Dans une soirée qui devait confirmer l’ascension de Fares Ziam vers les zones consolidées de l’élite des poids légers, le scénario a pris la forme d’un arrêt brutal dans une trajectoire en construction. Face à Tom Nolan lors de l’UFC Vegas 118, le combattant français a vu sa série de six victoires consécutives se briser dans un combat où chaque détail a pesé bien plus lourd que les intentions.
Dès les premières séquences, Tom Nolan impose une lecture claire du combat : pression constante, utilisation des kicks longs pour casser le rythme et empêcher Ziam d’installer sa fluidité debout. Ce n’était pas simplement une stratégie technique, mais une manière d’imposer un désordre contrôlé, forçant le Français à sortir de ses automatismes. Chaque tentative de lutte de Ziam trouvait une réponse immédiate, souvent sous forme de projections puissantes qui redéfinissaient l’équilibre du combat et installaient une tension permanente entre les deux hommes.

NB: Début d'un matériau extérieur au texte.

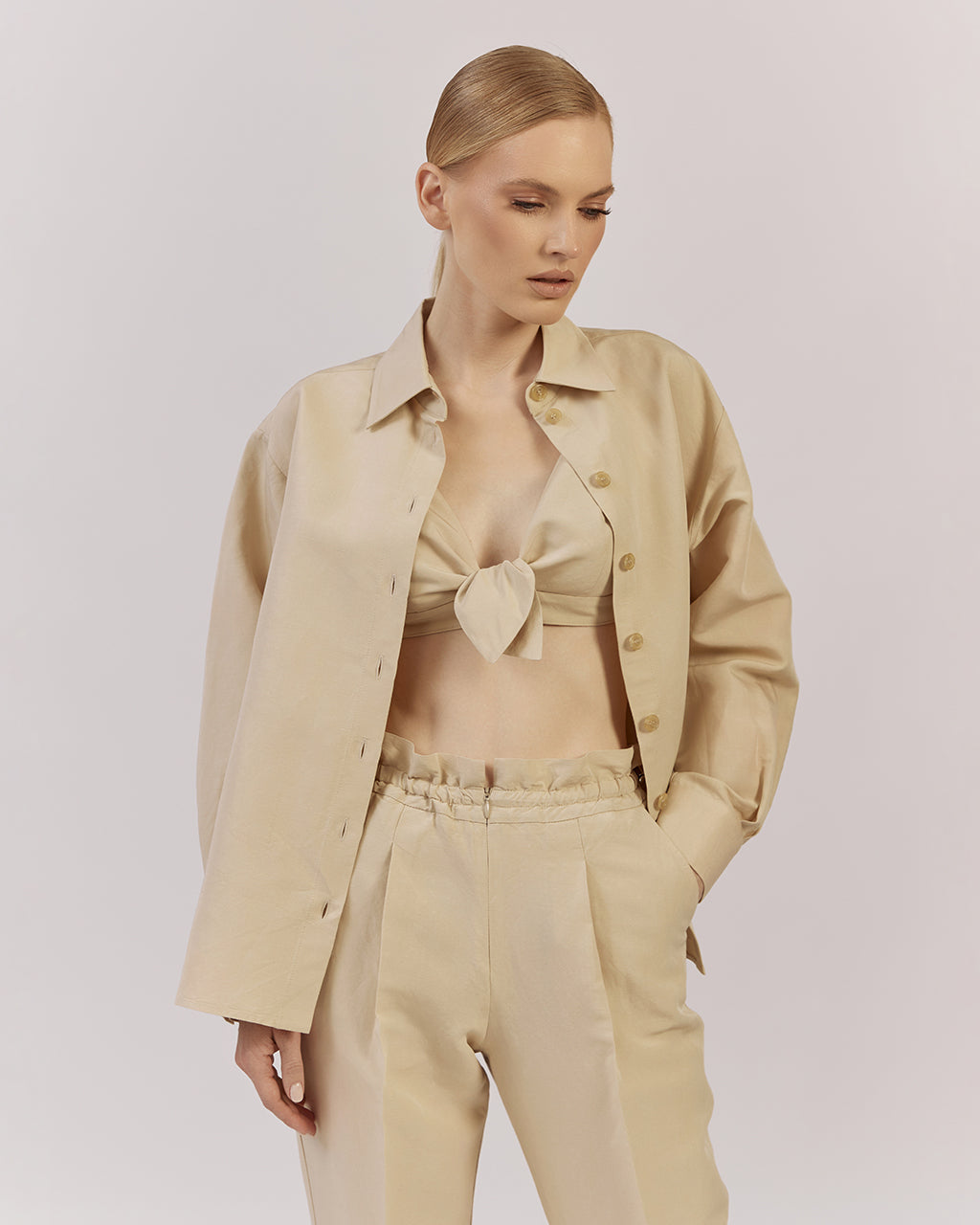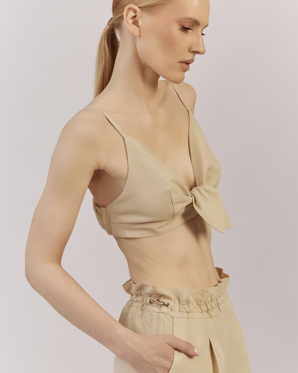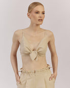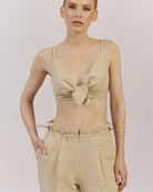 Mūsu vasaras iecienītākais bestsellers – tops ar sasienamu mezglu un regulējamām lencītēm. Izgatavots no lina un viskozes maisījuma auduma, kas piešķir viegluma un gaisīguma sajūtu.Tops ir lieliski piemērots ne tikai pludmales brīvdienām, bet arī pilsētas pastaigām un vakara tikšanās reizēm.

Au deuxième round, Ziam tente de réinjecter de la structure dans l’échange. Plus actif dans le striking, il parvient par moments à reprendre l’initiative, laissant entrevoir une possible bascule du combat. Mais cette dynamique reste fragile. Nolan maintient la pression contre la cage, transformant les phases rapprochées en zones d’usure où la technique laisse place à la résistance physique et mentale. Une tentative de coup tournant mal ajustée du Français ouvre même une nouvelle fenêtre de contrôle pour l’Australien.
Le troisième round devient alors un espace de vérité, où la gestion des transitions prend le dessus sur la pureté technique. Ziam réussit à renverser la situation avec un takedown et un contrôle du dos de son adversaire, installant brièvement une impression de reprise en main. Mais Nolan, plus constant dans les moments clés, parvient à inverser la dynamique et à reprendre progressivement l’ascendant dans un échange de positions où chaque seconde compte.
La décision unanime des juges (29-28, 29-28, 29-28) reflète moins une domination qu’un combat décidé dans les micro-détails : capacité à maintenir la pression, à capitaliser sur les déséquilibres et à transformer les moments de bascule en avantage durable. Pour Ziam, cette défaite ne se limite pas à un simple revers comptable. Elle interroge la solidité de son positionnement parmi les prétendants au top 15 et relance la question de sa capacité à franchir le palier entre prospect confirmé et véritable concurrent de haut niveau.
Dans l’univers des arts martiaux mixtes, certaines défaites ne ferment pas un cycle, mais en ouvrent un autre. Celle-ci appartient peut-être à cette catégorie : celle des combats qui ne retirent pas seulement une victoire, mais qui redessinent les contours d’un parcours encore en construction.